__WHAT TO DO__.
Since the records include pictures, leave those out while you reproduce exactly and only the lines from the one containing "obsah nepatrně prosvítat" through the one containing "Z9169-Dies: Bi", inclusive.

__MATERIAL PROVIDED__.

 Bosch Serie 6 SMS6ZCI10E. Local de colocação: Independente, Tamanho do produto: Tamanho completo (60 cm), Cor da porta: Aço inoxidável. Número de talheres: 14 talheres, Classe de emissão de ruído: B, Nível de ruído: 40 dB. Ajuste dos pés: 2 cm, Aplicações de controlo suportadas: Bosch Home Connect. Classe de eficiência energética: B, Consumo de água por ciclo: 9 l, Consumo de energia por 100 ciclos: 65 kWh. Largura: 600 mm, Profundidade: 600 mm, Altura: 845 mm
--
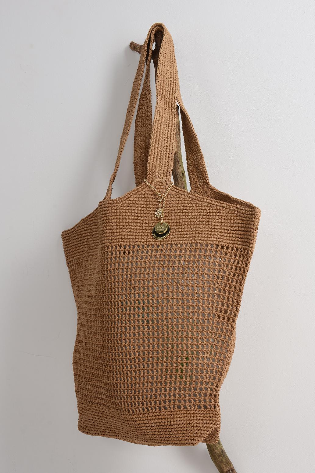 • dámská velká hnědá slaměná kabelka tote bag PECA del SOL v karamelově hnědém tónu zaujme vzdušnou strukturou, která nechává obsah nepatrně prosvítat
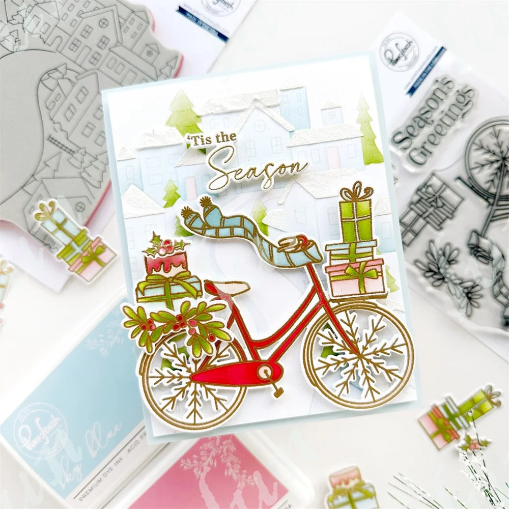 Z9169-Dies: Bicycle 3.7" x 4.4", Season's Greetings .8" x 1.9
* * *
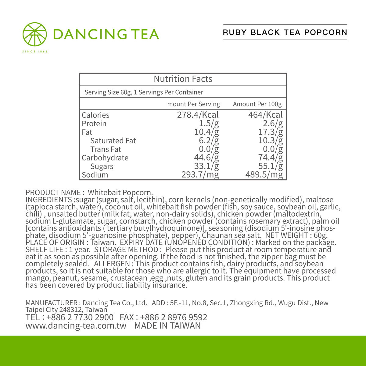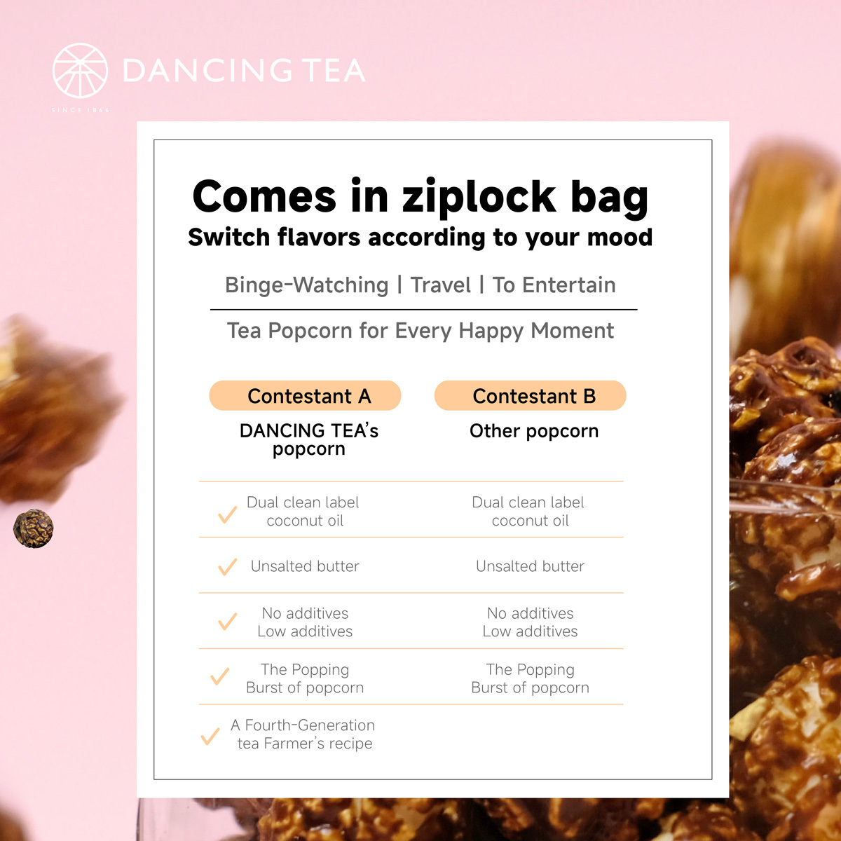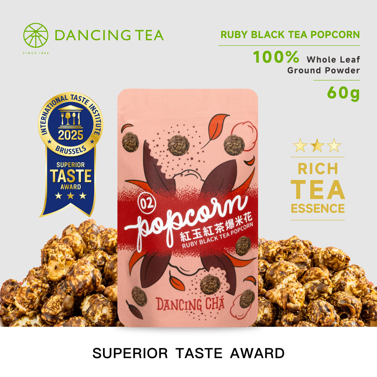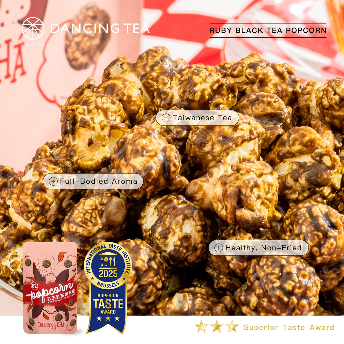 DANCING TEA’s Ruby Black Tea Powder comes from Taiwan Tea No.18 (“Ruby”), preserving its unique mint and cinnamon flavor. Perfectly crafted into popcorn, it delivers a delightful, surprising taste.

__ANSWER BELOW__.
 • dámská velká hnědá slaměná kabelka tote bag PECA del SOL v karamelově hnědém tónu zaujme vzdušnou strukturou, která nechává obsah nepatrně prosvítat
 Z9169-Dies: Bicycle 3.7" x 4.4", Season's Greetings .8" x 1.9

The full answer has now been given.